» **Data supplied**
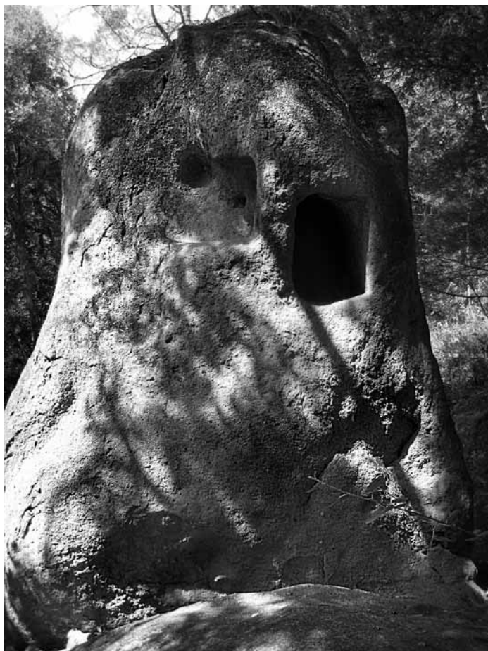
Roc de la Bruixa, Prats de Lluçanès.

de novembre de 1617 a les cinc de la tarda, el cel es va ennegrir i va començar a caure aigua, pedra, llamps i trons d'una manera «(...) que nunca los nacidos tal avian visto ». Van ser més de vint-i-quatre hores seguides de pluja que van fer créixer el riu Mèder fins al punt que passava per sobre del pont del carrer de Sant Francesc. A més a més, un gran arbre es va encallar al pont i va inundar els carrers de Sant Francesc i d'Esclafidors; més de cinquanta cases resultaren arruïnades (Junyent, 1977). Els habitants del carrer de Sant Francesc van haver de refugiar-se al convent de predicadors, on els donaren menjar i els escalfaren,
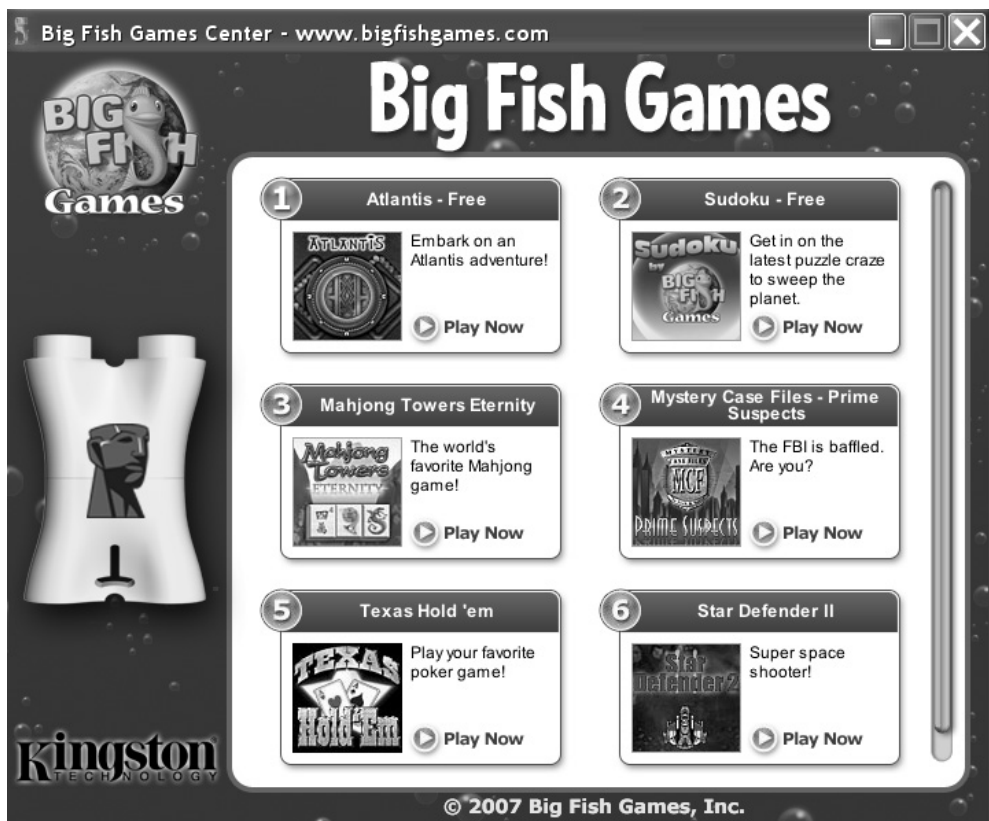
Рис. 1.1. Меню для выбора игр в накопителе DT Mini Fun фирмы Kingston Technology

Не обойдены вниманием и любители игр на компьютерах. Подробное рассмотрение данного типа накопителей выходит за пределы задач, решаемых в данной книге.
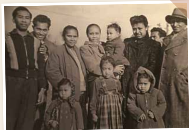
In Schattenberg met familie en vrienden. "Mijn barakgenoten werden mijn nieuwe familie."
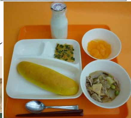
学生の食事について学習し
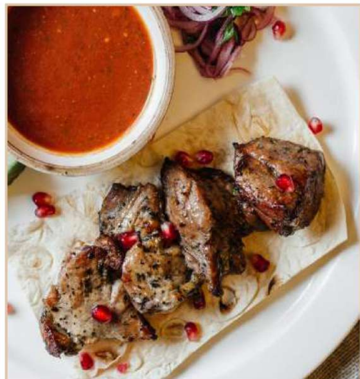
ШАШЛЫК ИЗ СВИНИНЫ
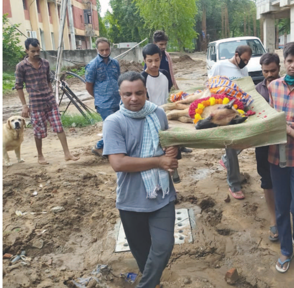
શ્યાનનું મૃત્યુ થતા ફાયર ઓફિસરે અંતિમ વિદી કરી

પોલીસ તંત્ર દ્વારા દરરોજ હોમ ક્વોરન્ટાઈન વ્યક્તિની તપાસ કરવામાં આવશે. રાજ્યના પાટનગરમાં કોરોનાના કેસનો આંકડો રોજ વધી રહ્યો છે. કોરોના પોઝીટીવ દર્દીઓનો આંકડો ૮૦૦ ને પાર કરી ગયો છે. જ્યારે ગુજરાતમાં કોરોનાના કેસ ૩૮ હજારથી વધુ છે. રાજ્યના વિવિધ શહેરોમાં કોરોનાના કેસ ઘટવાને બદલે ચિંતાજનક રીતે વધી રહ્યા છે. ત્યારે કોરોનાના કેસનું સંક્રમણ ઓછું થાય

» **Required action**
Transcribe the listing above exactly, but only from the line with "Не обойдены вниманием" through the line with "学生の食事について学習し". Include both of those lines and omit the pictures.

» **Solution to this task**
Не обойдены вниманием и любители игр на компьютерах. Подробное рассмотрение данного типа накопителей выходит за пределы задач, решаемых в данной книге.
In Schattenberg met familie en vrienden. "Mijn barakgenoten werden mijn nieuwe familie."
学生の食事について学習し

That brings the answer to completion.